Brunel International African Poetry Prize: A Dialogue With Sahro Ali

Sahro Ali is a Somali-Australian hybrid. Her work explores ghosts of the diaspora, memories and trauma. She is a managing editor at Kerosene Magazine, a fledgling literary magazine created by and for marginalized artists. Her work is forthcoming in an anthology of anti-Trump work called CONTRA, which will be published by Kerosene. She is inspired by the women in her life who encourage and cultivate radical writing. She hopes one day to make them proud. She tweets @sahroaIi.

This conversation took place in the cold, sweetspot of Gaborone, Botswana and the vibrant Victoria in Melbourne, Australia by Email.

Gaamangwe: Sahro, congratulations on being shortlisted for the Brunel International African Poetry Prize. What does it mean for you to be shortlisted?

Sahro: Thank you! I’m still trying to wrap my head around it, there were so many amazing and talented poets who entered. I didn’t really think I’d make the cut. The literary community is huge and it’s easy to get overwhelmed and feel like you’re not really a poet / writer if you’re not churning out something every day. For me it’s acknowledging that I am actually a writer. It’s easy to get lost in your own head sometimes.

Gaamangwe: It’s really exciting to read all of these works. What inspires your poetry?

Sahro: I’m in that early-stage of being a writer where all I can write about is my past experiences and trauma.
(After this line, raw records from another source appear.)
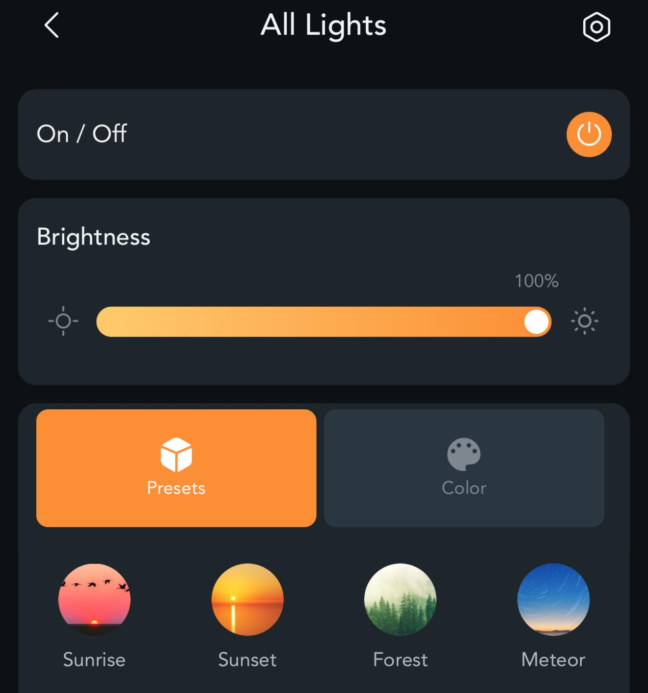 After your group is created your entire group shows up along with your individual lights, with your group all the lights in your group immediately sync to the same color choices and options you select.
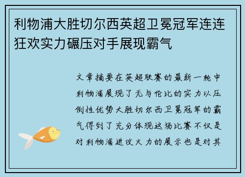 利物浦大胜切尔西英超卫冕冠军连连狂欢实力碾压对手展现霸气
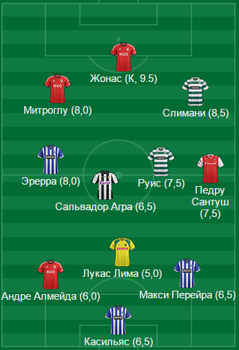 Андре Алмейду (6,0), Элизеу (6,5), Макси Перейра (6,5), Маркано(6,0), Лукас Лима (5,0).
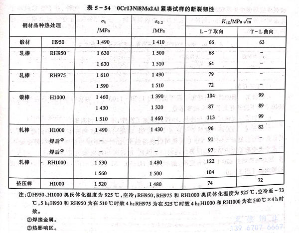 04Cr13Ni8Mo2Al、0Cr13Ni8Mo2Al、PH13-8Mo 不(bu)銹鋼(gang)的室溫(wen)力學性能(neng)標準規定值(zhi)和實測值(zhi)分別見(jian)表(biao) 5-52 和 表(biao) 5-53。
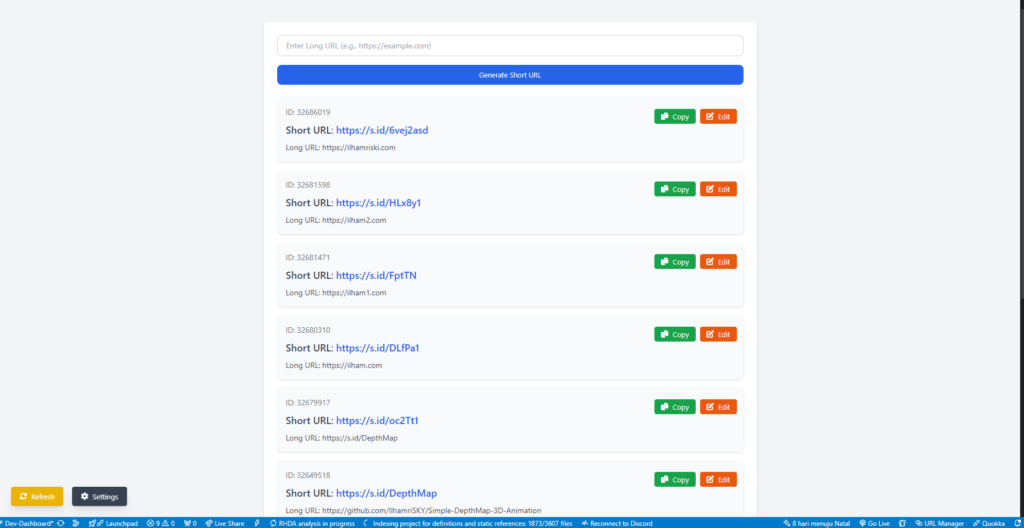 This SID URL Shortener extension for Visual Studio Code allows you to generate short URLs using the S.ID API. With this extension, you can quickly create short links and manage them directly from within VS Code. The extension requires authentication through the S.ID API, and you must provide your X-Auth-Id and X-Auth-Key to interact with the API.

Which results in crude imagery and language, and I feel like it’s jarring in certain poems. I have a lot of ugly truths to write about and that’s what inspires me to write most of the time. Things that people tend to shy away from and/or are tentative when approaching them. Using soft language to talk about something that’s inherently evil and harrowing is powerful but so is using crude language. It’s like you’re meeting it face to face, and seeing it for what it is, if that makes sense. Other things that inspire me are my friends and how unafraid they are in everything they do.
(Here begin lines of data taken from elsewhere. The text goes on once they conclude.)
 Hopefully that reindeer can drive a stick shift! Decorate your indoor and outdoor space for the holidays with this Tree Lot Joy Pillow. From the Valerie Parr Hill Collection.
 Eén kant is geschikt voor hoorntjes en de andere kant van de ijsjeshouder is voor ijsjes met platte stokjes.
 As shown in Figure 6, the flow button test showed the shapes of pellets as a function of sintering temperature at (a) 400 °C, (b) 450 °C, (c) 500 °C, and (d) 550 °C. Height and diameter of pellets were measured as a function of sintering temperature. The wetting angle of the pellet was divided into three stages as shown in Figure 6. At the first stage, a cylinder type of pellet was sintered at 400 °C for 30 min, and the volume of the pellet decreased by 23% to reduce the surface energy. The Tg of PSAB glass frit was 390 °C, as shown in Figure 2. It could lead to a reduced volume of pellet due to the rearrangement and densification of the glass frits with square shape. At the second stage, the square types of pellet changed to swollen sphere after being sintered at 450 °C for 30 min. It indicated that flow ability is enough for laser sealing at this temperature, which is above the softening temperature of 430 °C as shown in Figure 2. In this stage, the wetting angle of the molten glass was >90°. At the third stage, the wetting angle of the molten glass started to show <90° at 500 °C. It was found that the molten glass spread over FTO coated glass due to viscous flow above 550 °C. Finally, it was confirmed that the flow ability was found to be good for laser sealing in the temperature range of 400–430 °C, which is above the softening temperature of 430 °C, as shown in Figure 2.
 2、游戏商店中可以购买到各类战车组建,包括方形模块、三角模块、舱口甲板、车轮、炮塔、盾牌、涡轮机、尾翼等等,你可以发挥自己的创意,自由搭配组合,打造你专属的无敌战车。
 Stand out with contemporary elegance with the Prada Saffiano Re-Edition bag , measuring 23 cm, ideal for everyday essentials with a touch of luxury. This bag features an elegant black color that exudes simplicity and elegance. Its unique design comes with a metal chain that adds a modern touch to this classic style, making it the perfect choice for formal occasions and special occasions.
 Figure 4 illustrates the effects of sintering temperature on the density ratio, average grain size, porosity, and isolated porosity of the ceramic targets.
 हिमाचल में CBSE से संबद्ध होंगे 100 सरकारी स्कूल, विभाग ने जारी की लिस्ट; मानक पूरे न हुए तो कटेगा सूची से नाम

Gaamangwe: It’s really inspiring and empowering that at the early-stage of your writing, you are already going deep in your traumas. That really takes courage. What traumas from your past experiences are important for you to write about? What do you hope to illuminate about your ugly truths?

Sahro: I’m a daughter of immigrants and watching my parents struggle and try to make a living when I was younger was difficult. Especially as I got older, my parents were convinced I was this Anglicized devil. That’s the subject matter for some of my poems–being stuck between borderlines. To answer the second part of your question, I really don’t know. Right now it’s just acknowledging them and accepting them as they are.
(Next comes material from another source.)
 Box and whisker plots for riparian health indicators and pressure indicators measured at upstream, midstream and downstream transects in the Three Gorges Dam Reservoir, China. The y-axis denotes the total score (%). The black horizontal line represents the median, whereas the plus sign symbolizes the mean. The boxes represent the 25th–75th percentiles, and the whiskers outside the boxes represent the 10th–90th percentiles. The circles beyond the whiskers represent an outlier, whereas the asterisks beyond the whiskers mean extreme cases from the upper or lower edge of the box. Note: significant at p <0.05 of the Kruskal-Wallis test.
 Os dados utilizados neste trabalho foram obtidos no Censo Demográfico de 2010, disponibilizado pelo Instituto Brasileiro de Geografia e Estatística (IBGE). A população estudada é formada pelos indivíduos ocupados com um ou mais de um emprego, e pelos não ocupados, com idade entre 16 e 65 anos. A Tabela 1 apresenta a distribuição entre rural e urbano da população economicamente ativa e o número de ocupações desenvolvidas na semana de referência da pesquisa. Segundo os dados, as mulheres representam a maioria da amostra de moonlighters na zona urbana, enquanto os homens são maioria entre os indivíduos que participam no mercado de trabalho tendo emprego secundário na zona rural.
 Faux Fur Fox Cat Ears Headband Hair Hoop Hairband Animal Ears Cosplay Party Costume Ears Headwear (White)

Gaamangwe: Is the conviction that you are an Anglicized devil because of your sexuality? Can you talk to me about existing here and how that conviction affected your personal reality?

Sahro: Yes, but it encompasses everything; me not wanting to adhere to Muslim dress codes, not knowing how to speak my native tongue, being bisexual. I was just constantly never meeting my parent’s expectations and their conclusion was ”Ok, you’re just Anglicized.” But in terms of my sexuality, that’s something that’s concealed in real life. I’ve only come out to my mum this year and before that I was closeted. I couldn’t even say the word ”gay” in real life. So I created my own space online and surrounded myself with other LGBT folk, it’s amazing. But once I go offline I’m hit with this toxic, homophobic environment where I have to control every word and movement. Even now, whenever I compliment women on TV, my mum side-eyes me and turns off the TV. Keeping to myself is something I’ve learnt in childhood, even if it’s the painful option. That’s the reality I live right now, to navigate this space as quietly as possible. Something I know I have in common with other young gay people.

Gaamangwe: That’s a really difficult reality to exist in. You captured this difficulty in your poems; “Daughters” and “Dear Mother”. There is this kind of erasure, where the mother forces or attempts to make the speaker become who she wants her to become. It creates a double-life kind of thing. Did that make accepting your sexuality difficult? What has empowered you to get to the point where you could come out to your mother?

Sahro: Oh yeah definitely, I went through that typical ”maybe I’m not gay, I’m just confused” stage when I was coming to terms with my sexuality. I had to unlearn so much internalized homophobia and it was a painful and uncomfortable process (which is common and inevitable when you’re unlearning anything). It was ten times harder because I’m Muslim and all my life I was fed these ideas that you couldn’t be both Muslim and gay. Once I gave myself a space, however small it was, I was able to explore my sexuality and think and reflect. And being around other like-minded young gay people was all the more liberating. Also, I’m a total coward and depended on twenty seconds of courage, which left me the instant I told my mum.

Gaamangwe: I do think that twenty seconds is all the courage you need. You are brave, because there was so much at stake here. Thank you Sahro, and all the best with Brunel International African Poetry Prize and your poetry.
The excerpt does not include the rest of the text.